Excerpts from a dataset
------------
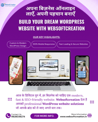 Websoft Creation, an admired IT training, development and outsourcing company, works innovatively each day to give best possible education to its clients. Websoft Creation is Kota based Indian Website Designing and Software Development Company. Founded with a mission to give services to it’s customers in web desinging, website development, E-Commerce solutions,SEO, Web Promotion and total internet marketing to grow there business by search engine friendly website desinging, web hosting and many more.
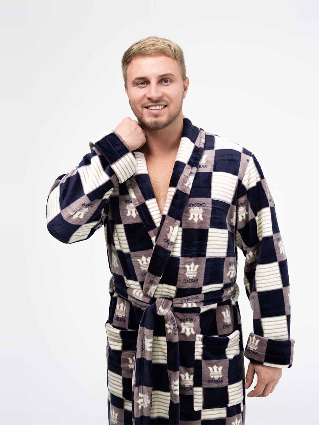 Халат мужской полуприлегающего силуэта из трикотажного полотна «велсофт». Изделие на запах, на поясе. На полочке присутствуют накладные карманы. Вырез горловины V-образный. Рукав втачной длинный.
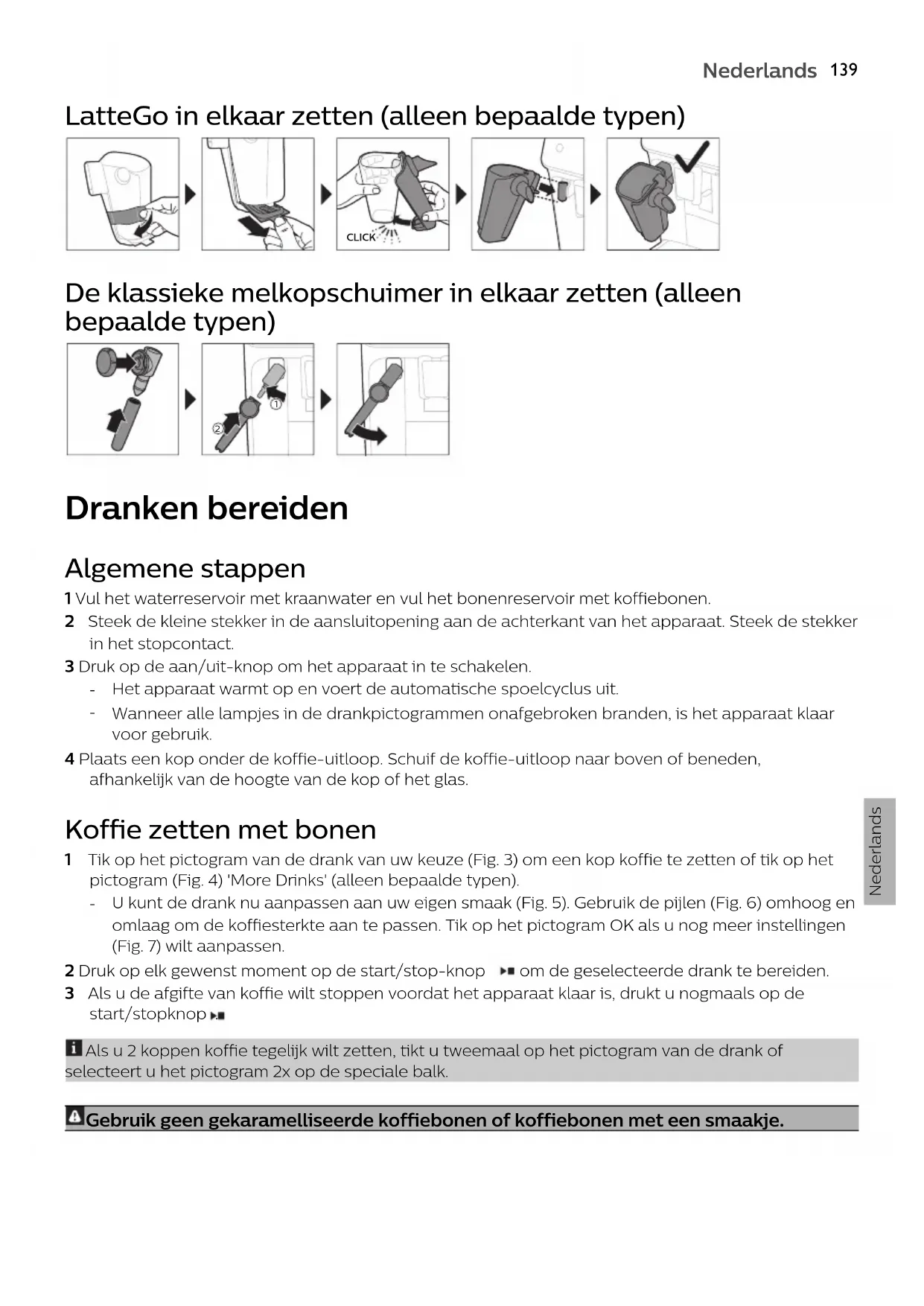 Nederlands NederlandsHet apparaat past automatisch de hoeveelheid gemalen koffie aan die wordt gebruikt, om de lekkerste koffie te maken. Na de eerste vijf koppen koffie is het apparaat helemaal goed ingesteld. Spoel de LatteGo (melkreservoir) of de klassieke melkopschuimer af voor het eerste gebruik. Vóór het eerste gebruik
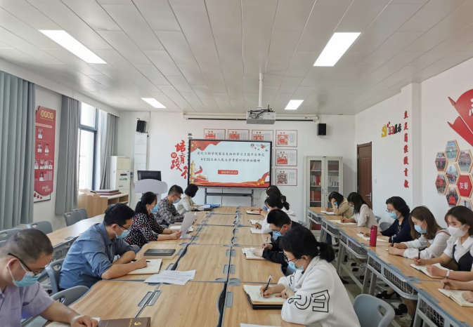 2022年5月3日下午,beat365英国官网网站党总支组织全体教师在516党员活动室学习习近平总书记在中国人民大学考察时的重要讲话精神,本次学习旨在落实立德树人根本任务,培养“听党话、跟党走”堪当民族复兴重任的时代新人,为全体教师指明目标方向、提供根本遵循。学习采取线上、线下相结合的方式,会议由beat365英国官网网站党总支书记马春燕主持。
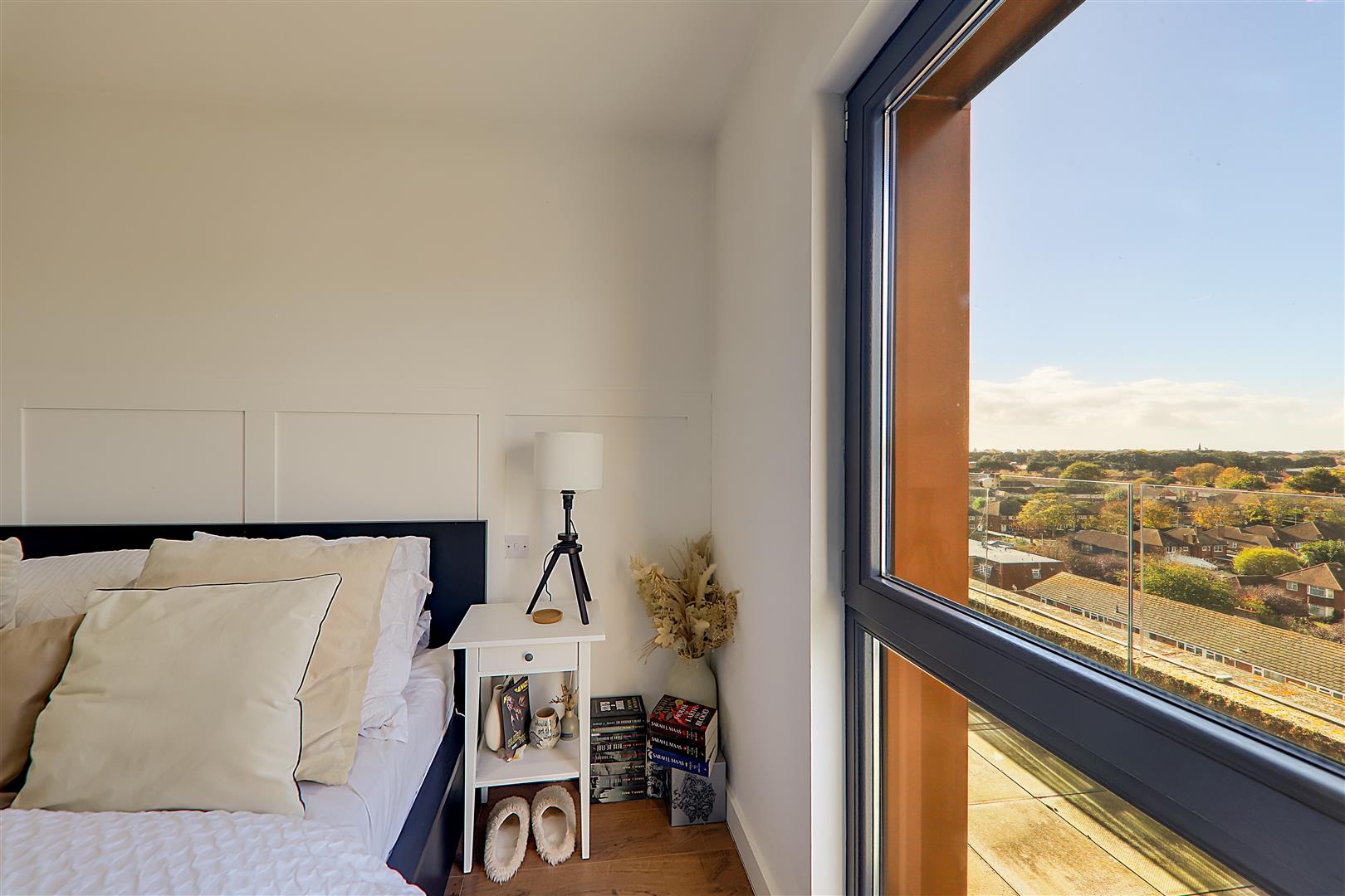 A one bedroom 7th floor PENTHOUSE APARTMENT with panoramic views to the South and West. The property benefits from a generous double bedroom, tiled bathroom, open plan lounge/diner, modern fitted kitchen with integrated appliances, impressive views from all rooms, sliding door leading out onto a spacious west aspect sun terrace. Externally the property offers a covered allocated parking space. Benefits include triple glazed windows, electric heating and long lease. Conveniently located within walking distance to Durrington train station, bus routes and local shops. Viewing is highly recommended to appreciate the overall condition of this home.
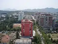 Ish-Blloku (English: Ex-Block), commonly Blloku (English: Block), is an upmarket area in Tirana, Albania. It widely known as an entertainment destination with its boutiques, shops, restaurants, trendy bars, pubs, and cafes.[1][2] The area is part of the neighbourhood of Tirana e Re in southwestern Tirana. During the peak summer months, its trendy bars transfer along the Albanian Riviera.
------------
▶ **What the task asks**
Only the lines from the one with "A one bedroom" through the final line of the entries above should be transcribed, exactly and without pictures.

▶ **Result for this exercise**
 A one bedroom 7th floor PENTHOUSE APARTMENT with panoramic views to the South and West. The property benefits from a generous double bedroom, tiled bathroom, open plan lounge/diner, modern fitted kitchen with integrated appliances, impressive views from all rooms, sliding door leading out onto a spacious west aspect sun terrace. Externally the property offers a covered allocated parking space. Benefits include triple glazed windows, electric heating and long lease. Conveniently located within walking distance to Durrington train station, bus routes and local shops. Viewing is highly recommended to appreciate the overall condition of this home.
 Ish-Blloku (English: Ex-Block), commonly Blloku (English: Block), is an upmarket area in Tirana, Albania. It widely known as an entertainment destination with its boutiques, shops, restaurants, trendy bars, pubs, and cafes.[1][2] The area is part of the neighbourhood of Tirana e Re in southwestern Tirana. During the peak summer months, its trendy bars transfer along the Albanian Riviera.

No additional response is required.